Key Takeaways for Founders Today
The Figma situation offers a crucial lesson: the decision to accept or reject an M&A offer cannot be based solely on valuation multiples, nor purely on vision and strategic independence.
If you receive an offer of 15-20x ARR from a strategic acquirer while growing 40%+, conduct an brutally honest assessment of staying independent. Factor in dilution, the time value of money, the probability of maintaining high growth rates, and realistic public market multiples.
In most cases, you will find that a certain M&A offer holds more present value than a probabilistic independent outcome. This is generally not true only if:
- You are growing 60%+ annually and can clearly sustain 40%+ growth for three or more years.
- You are pre-$50 million ARR, where the next 2-3 years of execution could 5-10x your value.
- The strategic acquirer would genuinely constrain your market opportunity by 50% or more.
- You have strong conviction that public market multiples will expand significantly.
For Figma, an honest assessment should have concluded: "We are a $1.1 billion ARR company growing 38%, likely to grow 25-30% annually as we scale towards $2 billion ARR. Public markets in 2027 will likely value that at 10-15x ARR, meaning we'll be worth $20-30 billion. After dilution and time-value discounting, that is worth less in present-value terms than the certain $20 billion Adobe offer."

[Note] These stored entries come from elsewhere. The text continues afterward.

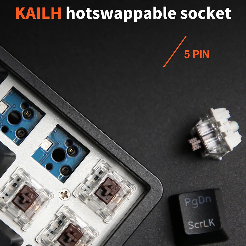 3. Hot-swappable- Hot-swap PCB allows you to replace 3 pins/5 pins switches freely without soldering issues. Enjoy the fun of making your own unique keyboard.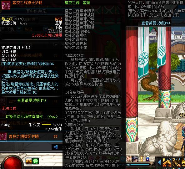 | 85 | 瘟疫之源獠牙护腿 | *昨日之巴斯顿 掉落 (在远古地下城里出没。) *从NPC鲁特的物品店出售的[瘟疫之源防具礼盒]中获得 |
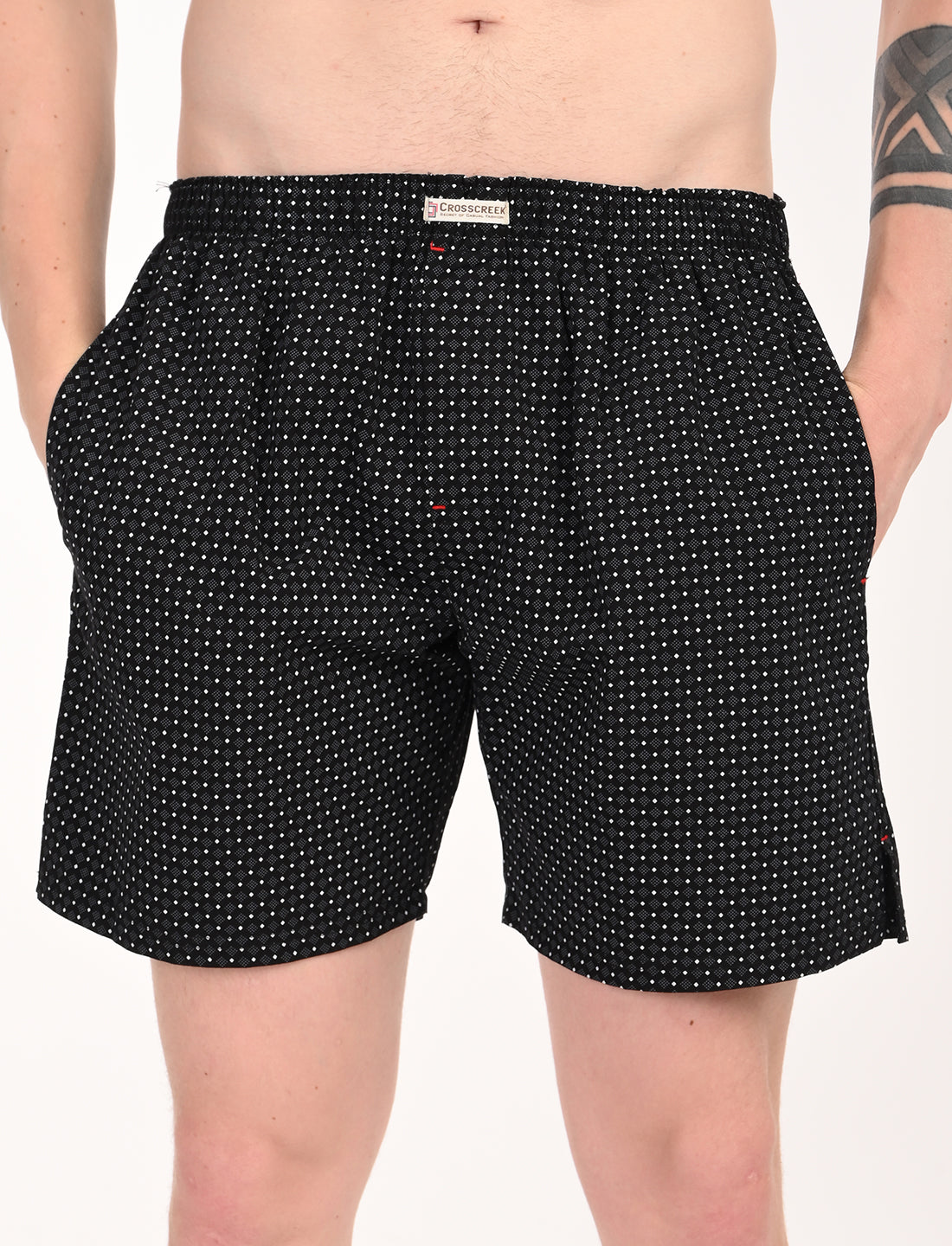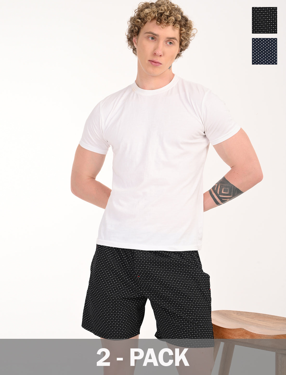 Crosscreek Men’s Boxer Shorts – 2-Pack | Black Dots & Navy Diamond Print | 100% Cotton Breathable Boxers

The most critical aspect, however, harks back to the framework for "good but not great" offers: if you decide to reject a strong M&A offer, you absolutely must use the subsequent period to create significant separation and build substantially more value. Simply executing the same plan at the same pace is insufficient.

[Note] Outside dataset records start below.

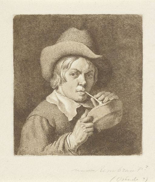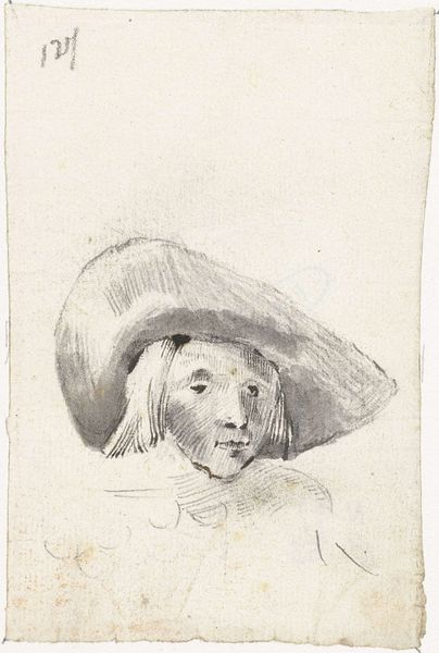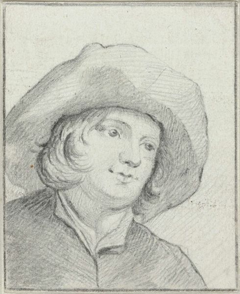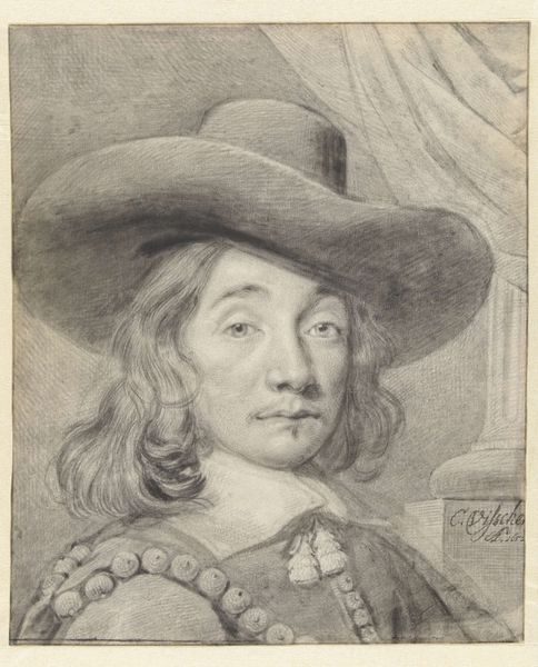Editor: This is "Studie van een man," or "Study of a Man," a pencil drawing by Jan de Bray, dating back to sometime between 1637 and 1697. The way the artist captured the light feels quite striking; it gives the figure a subtle, yet powerful presence. What stands out to you in this piece? Curator: I’m drawn to the subject's posture. Arms crossed, he confronts us with an almost defiant gaze, wouldn’t you agree? De Bray, working within the Dutch Golden Age, gives us more than just a portrait. It invites questions about social standing and individual identity. What do you make of the seemingly casual style juxtaposed with the formality of portraiture? Editor: I see what you mean. It’s not the typical grand, opulent portrait you often associate with the Baroque. There's a certain vulnerability that contrasts the Baroque grandeur. Curator: Exactly! It reflects the changing dynamics of the era. Consider the rise of the merchant class in Dutch society. Artists were now commissioned to portray a wider segment of society. The figure’s gaze and body language might be subtly challenging existing social hierarchies. Could the "caricature" tag hint at a subversion of those ideals? Editor: That's fascinating. It paints a whole new narrative! I was initially focused on the aesthetic aspect but considering the social and historical context adds a critical layer of depth. Curator: Indeed. It urges us to move beyond the surface and investigate the intersections of identity, class, and representation embedded within art. By examining the power dynamics, the artist isn't simply creating an image, they are engaging in a complex socio-political dialogue through their art. Editor: I see how looking at the art as a product of its time, and even a response to it, can completely reshape your understanding. It makes art history much more engaging than just memorizing dates and names.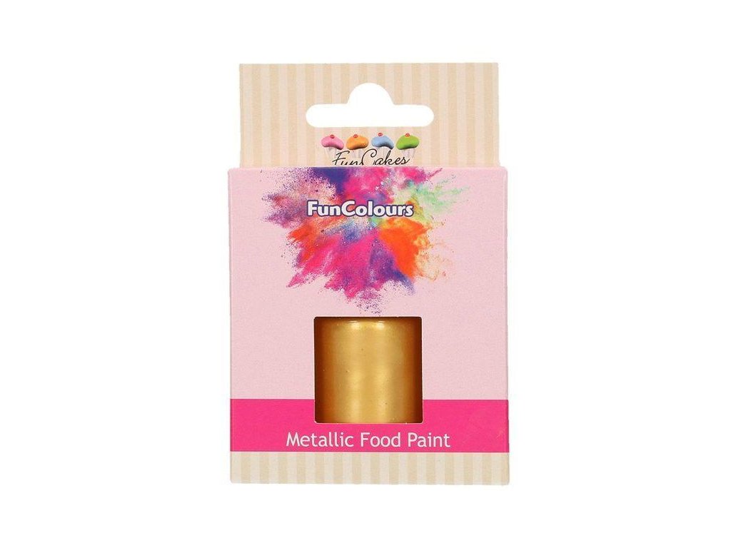 Pomocou FunCakes Metallic Food Paint Gold môžete vytvárať nádherné efekty na fondáne, marcipáne, gumovej paste,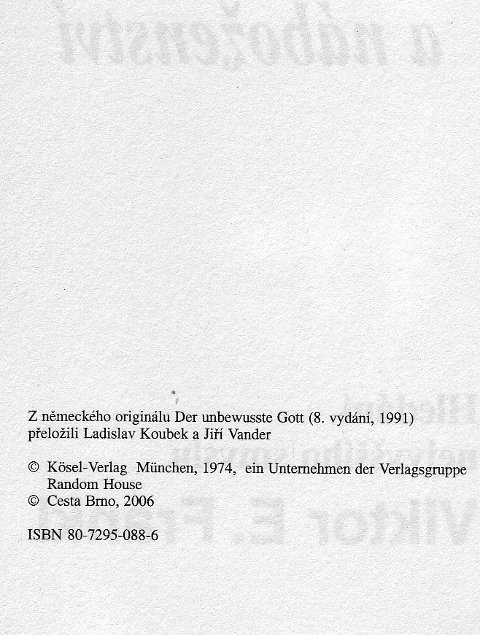 | Der unbewusste Gott. ----- Psychoterapie a nabozenstvi. Hledani nejvyssiho smyslu. |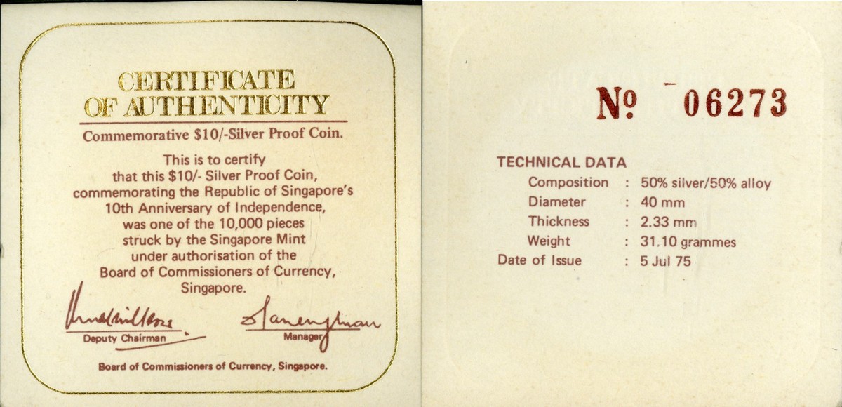 This is a 1975 10 dollar Singapore 10th anniversaty coin. Minted at the singapore mint, it comes with a COA and is number 6273 of 10,000 minted. I bought it in Singapore in 1976 when the USS Ranger visited during the Bisentennial.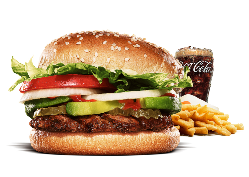 バーガーキングの対象バーガーとフレンチフライ(M)、ドリンク(M)が、平日も休日も朝昼夜、いつでもお得な価格で楽しめるセット「キングバリュー」
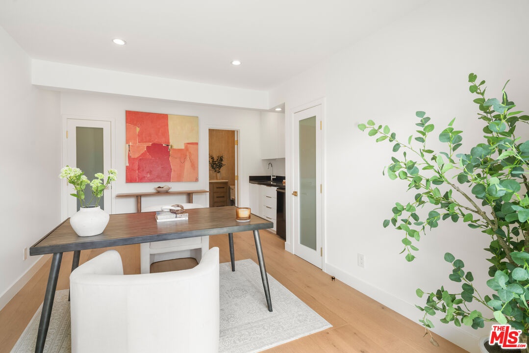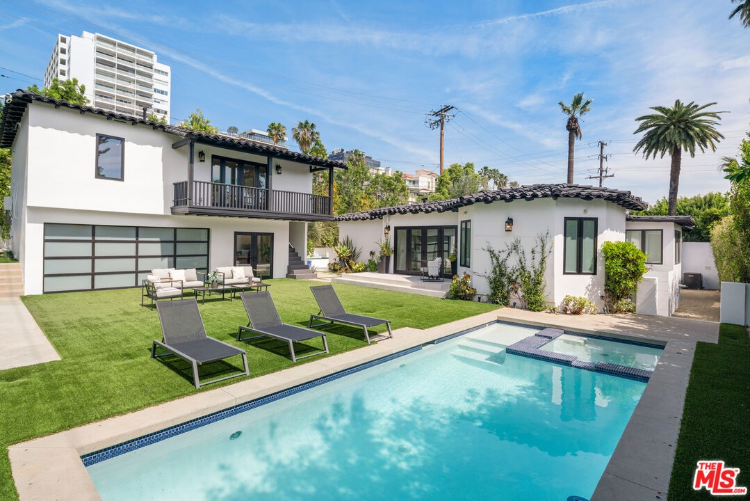Private Compound Living Situated in the highly coveted Beverly Hills Flats, this gated and fully hedged estate offers a rare blend of privacy, versatility, and refined design all just moments from the best of Beverly Hills. Set behind lush, mature landscaping, the property unfolds as a true compound, where the pace of Doheny Drive fades away, giving way to a serene and private environment. Inside, the main residence features 3 bedrooms and 3.5 bathrooms, thoughtfully designed with elegant proportions, abundant natural light, and seamless indoor-outdoor flow. The gourmet Italian chef's kitchen is appointed with premium Miele and Gaggenau appliances, ideal for both everyday living and sophisticated entertaining. A standout feature of the property is the detached guest house, offering a fully independent living experience. Complete with 2 bedrooms (one currently styled as an office), a full kitchen, breakfast area, and a dedicated screening/media space, it is perfectly suited for extended family, guests, or a private work-from-home retreat. The home has been recently refreshed, featuring new tile work and thoughtful enhancements throughout, creating a clean, elevated, and move-in-ready environment. The grounds are designed for both comfort and functionality, featuring a Gated and fully enclosed perimeter with mature hedging for ultimate privacy, a Two-car garage plus additional parking for additional vehicles. Dual rear access points for discreet and convenient entry and Expansive outdoor areas ideal for entertaining or relaxation. Additional highlights include a Crestron home automation system, providing seamless control of lighting, media, and comfort throughout the property. Offering the scale, privacy, and flexibility often sought within the Flats, this property presents a distinctive opportunity to enjoy the Beverly Hills lifestyle in a setting that balances accessibility with seclusion. Priced with intention to reflect location while delivering a compelling value relative to nearby interior streets. Property shows as a true private compound; once inside, the hedging and layout significantly buffer street presence and create a quiet, enclosed environment. Prime location offers close proximity to the Sunset Strip lifestyle just moments to Soho House, Bird Streets Club, and premier dining, shopping, and nightlife.

Figma needed to accelerate dramatically after the Adobe deal collapsed. They needed to expand into adjacent markets, introduce new products, and achieve 50%+ growth to truly justify the decision for independence. Instead, they maintained a steady 38% growth rate and entered a challenging public market.
The hardest part of such a decision is that the true outcome won't be known for 3-5 years. Figma is currently in the midst of that window. While the stock is down 68%, the company continues to execute. It's currently at the same valuation as the Adobe offer, but after accounting for dilution and time-value adjustments, existing shareholders are down 20-25% compared to having taken the deal.
Sometimes saying no is worth it. Other times, it can be the most expensive decision a company ever makes. The only way to discern which it will be is through a brutally honest understanding of your market, your competitive position, your realistic growth trajectory, and your personal goals.
And always, always perform the real math. Not just the headline numbers, but the actual present-value, after-dilution, time-adjusted calculations that reveal what shareholders truly gain.
Dylan Field made his choice (or had it made for him by regulators). Now, the industry waits to see if independence ultimately justifies the pain. Based on the actual financial analysis today, it has not. But the final verdict may still be years away.